Researchers discover new insight into a common signaling pathway

Scientists have identified a key regulatory mechanism in the TGF-ß pathway. This discovery by Dr. Kai Lin and colleagues at UMASS Medical School and the University of Mississippi Medical Center helps further our understanding of how this important signaling pathway functions in a variety of cellular processes, including cancer formation and embryonic development.

The work is published in the August 1 issue of Genes & Development.

The TGF-ß pathway is an intracellular signaling pathway that enables a cell to respond to changes in its environment. This signal transduction pathway converts ligand binding at the cell surface into an enzymatic cascade inside the cell, which ultimately induces changes in gene expression. In this fashion, the TGF-ß pathway regulates a number of different cellular responses, including cell proliferation, differentiation and migration, programmed cell death, and development.

The Smad family of proteins is the primary route for propagating the TGF-ß signal. Smads are activated by ligand-bound transmembrane receptors and subsequently travel through the cytoplasm and into the nucleus, where they act as transcription factors to activate the expression of TGF-ß target genes.

Dr. Lin and colleagues have determined that the conformation of the Smad3 protein specifies which members of the TGF-ß pathway it can interact with, and thereby regulates the progression of the TFG-ß signal transduction cascade.

Upon TGF-ß ligand binding to transmembrane receptors at the cell surface, a protein called SARA (Smad Anchor for Receptor Activation) recruits Smad3 to the transmembrane receptor, where Smad3 is converted from an inactive monomeric form into an active trimeric form. Trimeric Smad3 promptly dissociates from SARA and enters the nucleus, where it interacts with cofactors to regulate gene expression. Previous work has shown that nuclear Smad3 interacts with a corepressor called “Ski,” which serves to prevent Smad3 activation of target genes.

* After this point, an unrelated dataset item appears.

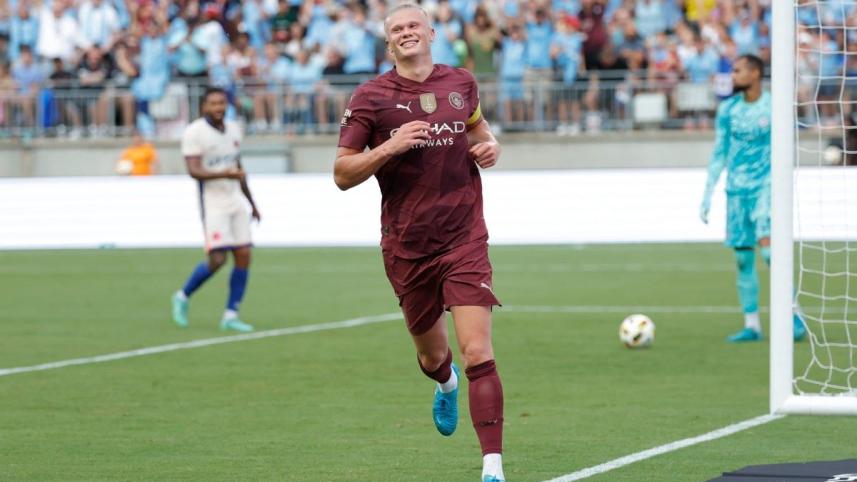 Erling Haaland's hat trick, including two goals in the first five minutes, led Manchester City over Chelsea 4-2 on Saturday in an English club football friendly at Columbus, Ohio.

Using a combination of structural and biochemical approaches, Dr. Lin and colleagues discovered that SARA preferentially binds to monomeric Smad3, while Ski preferentially binds to trimeric Smad3. The researchers thus identified an allosteric mechanism of regulation of the TGF-ß pathway: “The conformational transition functions as a master switch of the pathway, converting Smad-receptor interactions to Smad-nuclear interactions,” explains Dr. Lin. The formation of trimeric Smad3 transduces the TGF-ß signal by forcing Smad3 to dissociate from SARA, thereby freeing Smad3 to travel into the nucleus.

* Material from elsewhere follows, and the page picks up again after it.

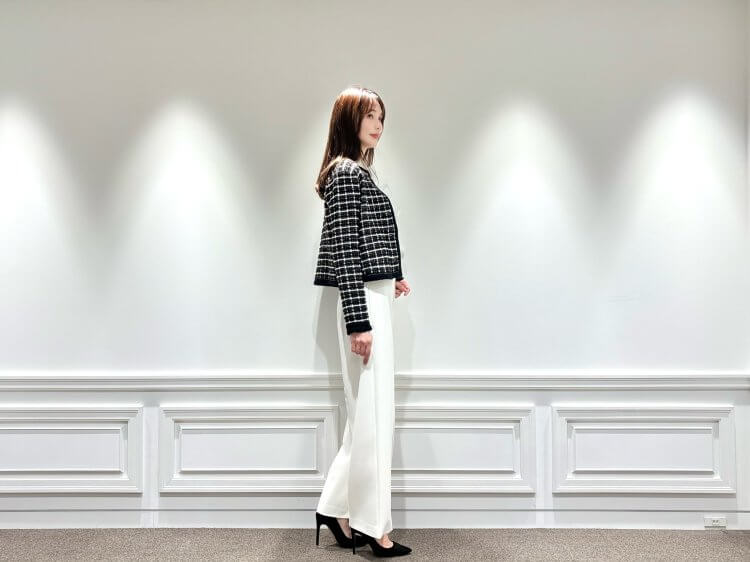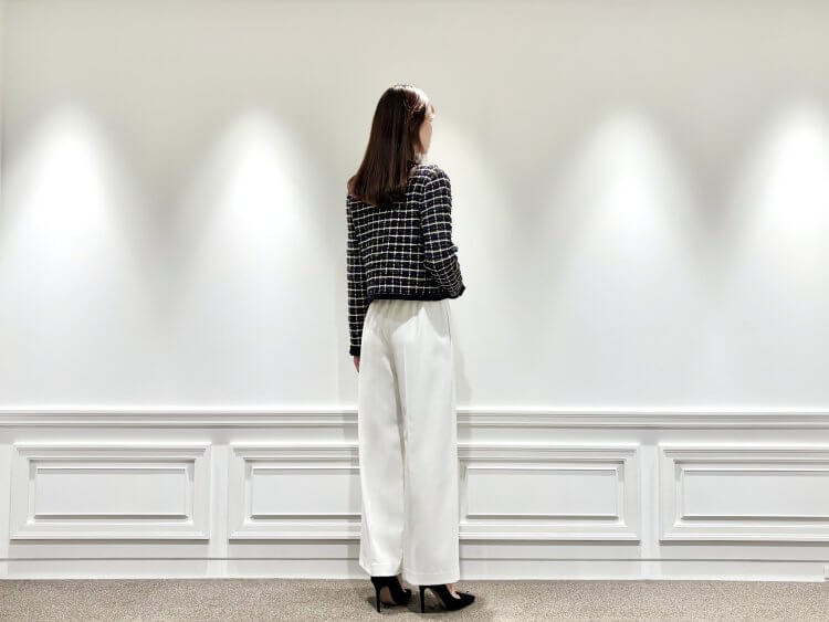 ボトムスには白のワイドパンツを選び、軽やかさと抜け感をプラス。

In this manner, the conformation-dependent activity of Smad3 can both propagate the TGF-ß signal and establish a negative feedback mechanism (through Ski) to regulate the transcriptional effect of TGF-ß signaling.

So, how does a cell succeed in eliciting TGF-ß target gene expression if trimeric Smad3 is bound in the nucleus by Ski, a corepressor? The authors reason that the trimeric form of Smad3 is probably also recognized by coactivators in the nucleus, which would compete with Ski for Smad3 binding and ultimately establish the appropriate balance between transcriptional activation and repression. Further research will focus on delineating the course of these downstream nuclear events.

However, as it stand now, this work by Dr. Lin and colleagues affords enormous insight into the molecular mechanisms of the TGF-ß signaling pathway, providing possible targets for rational drug design to combat the deleterious effects of aberrant TGF-ß signaling.